Он стоял на пороге, будто бы боясь прервать её чуткий сон. В руках — букет белых лилий, свежих, как утренний туман. Он был, как всегда, собран — выглаженная чёрная рубашка, волосы убраны назад, движения выверенные. Но глаза… в глазах было что-то совсем другое. Мягкое, почти детское.

— Ты говорила, что хочешь съездить к Джону, — сказал он тихо. Это было правдой, в один из вечеров, когда они сидели, прислушиваясь к волнам, попивая дешевое пиво (Вивиан было намного спокойнее, когда они не чертили линию, между «богатыми» и «бедными», поэтому даже в таких мелочах, она выбирала что-то подешевле). — Я и решил, что ему бы ты тоже отвезла лилии.

Она молчала, смотрела на него сквозь утреннюю сонливость и что-то, похожее на боль — не от лилий, не от воспоминаний, а от самого факта того, что Рэйф Кэмерон сейчас стоял здесь. С лилиями. С её мыслями в руках, как будто слышал их не ушами, а чем-то глубже, под кожей.

— Их мы всегда приносили вместе, — выдохнула Вивиан, сев на кровати, натянув на колени одеяло, как броню. — Белые. Джон говорил, что они напоминают ему о тишине.
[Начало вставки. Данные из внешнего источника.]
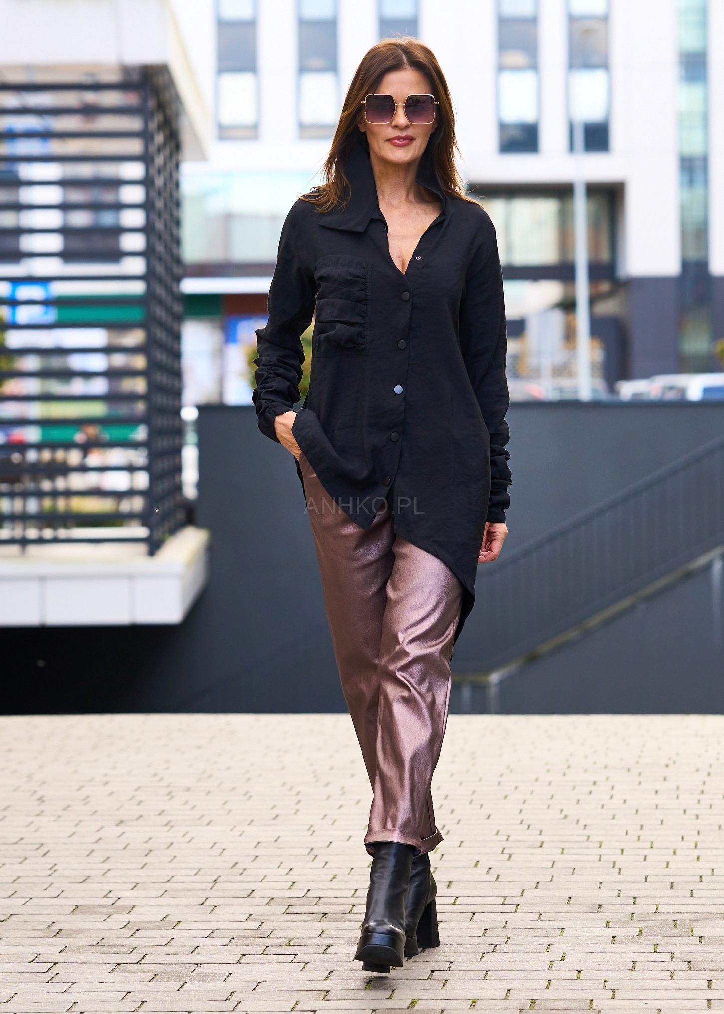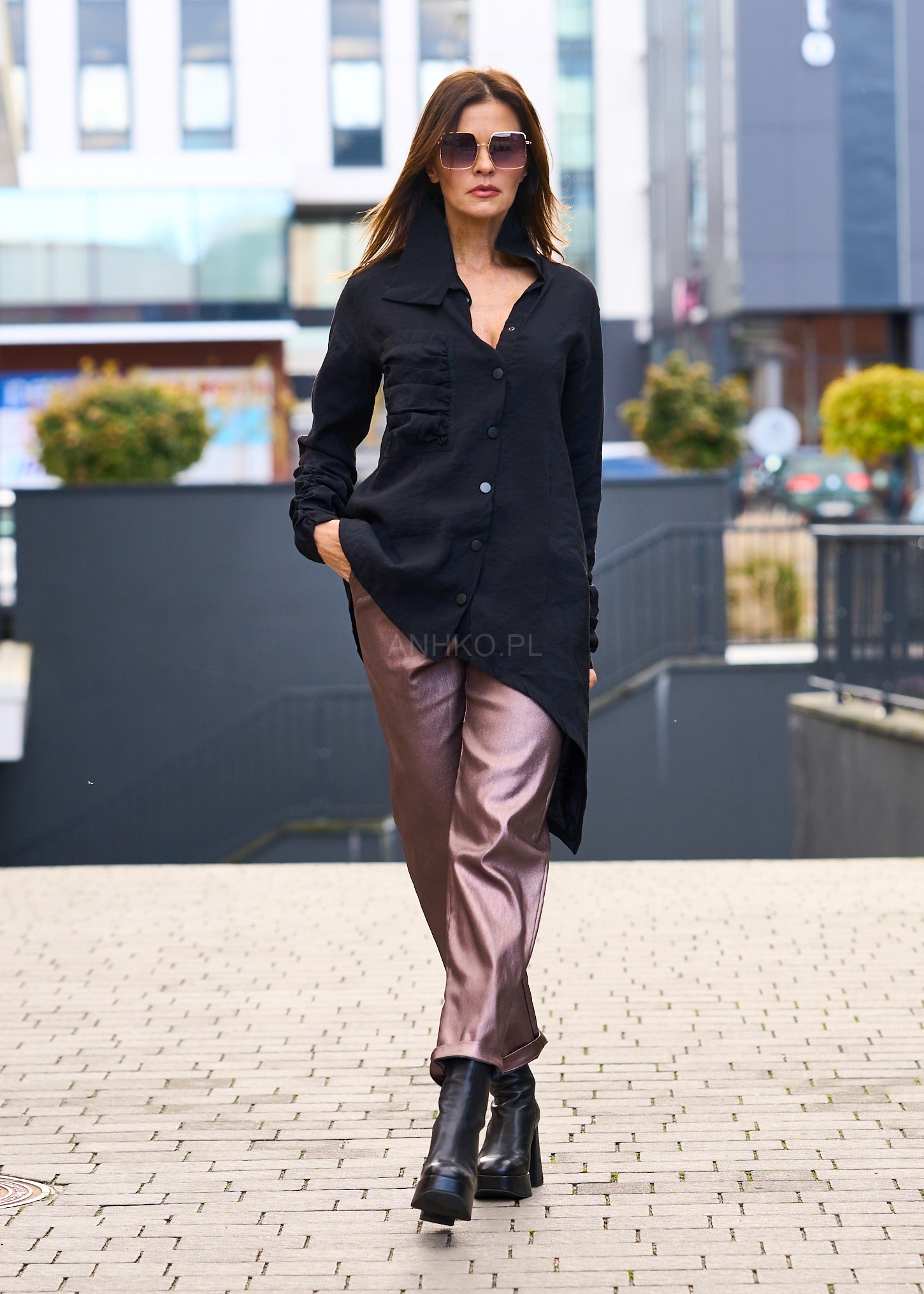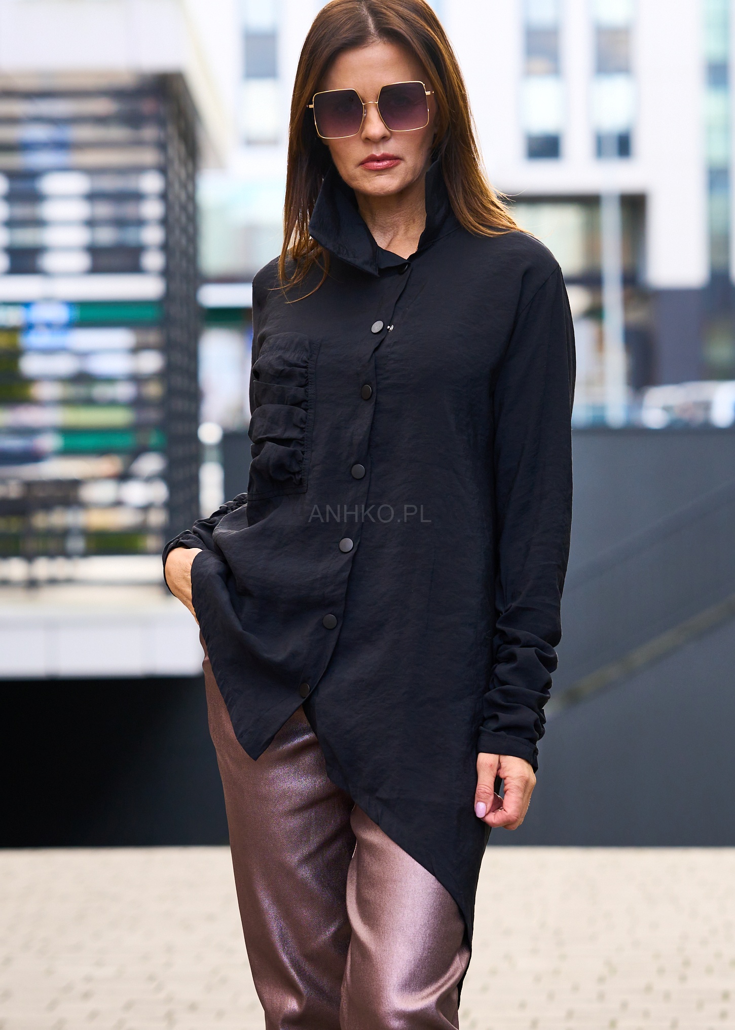 Koszula, która zachwyca niebanalną formą i starannie dopracowanymi detalami. Asymetryczny dół wydłuża sylwetkę, a marszczona kieszeń dodaje projektowi wyjątkowego charakteru. Miękka, lekko strukturalna tkanina pięknie układa się na ciele, zapewniając jednocześnie komfort noszenia. Model świetnie spisze się w stylizacjach wieczorowych, smart casual, a także wtedy, gdy chcesz dodać zwykłym, codziennym zestawom odrobinę artystycznego sznytu. Doskonale łączy się z eleganckimi spodniami, gładkimi jeansami czy połyskującymi elementami garderoby. To koszula, która przyciąga spojrzenia i podkreśla indywidualny styl.

О какой-то честной тишине. Такой, что не пугает

Рэйф молча приблизился. Не как хозяин дома — как тот, кто слишком осторожно подбирается к зверю, что может испугаться и укусить, даже если сам изранен. Он поставил лилии на край комода, рядом с её расческой, пачкой сигарет и резинкой для волос.

— Я не знал, что это будет… важно, — сказал он, сев рядом на кровать, оставляя между ними несколько сантиметров. — Но захотелось, чтобы ты могла поехать. Не одна. Мне, будет спокойнее, если мы будем рядом.

Она посмотрела на него — медленно, будто бы впервые. Его профиль был вырезан, как у фарфоровой статуэтки: острые скулы, прямой нос, напряжённая линия челюсти. Но в его зрачках отражалась только она. Ни высокомерия, ни игры, ни обычного рэйфовского превосходства. Только неподдельная, почти болезненная сосредоточенность. Та, с которой смотрят на трещину в стекле: понимая, что она скоро расползётся, но не зная, как остановить.

Вивиан медленно отвела взгляд. Ей было трудно дышать — не от страха, не от воспоминаний, а от самого присутствия Рэйфа рядом. От того, как он нарушал её стены, не прикасаясь. От того, как он дышал в том же ритме, в каком билось её сердце, не зная, как его зовут.

— Не обязательно быть всегда рядом, но... — сказала Вивиан, тихо, натянуто, уставившись на узкое окно, в котором чуть подрагивала пыльная штора и на мгновение осеклась. — Знаешь, за две недели я привыкла к твоему бубнежу по утрам, к тому, как ты ходишь без футболки по дому и пытаешься не задеть меня лишним словом, поэтому, наверное, я бы хотела, чтобы ты был рядом.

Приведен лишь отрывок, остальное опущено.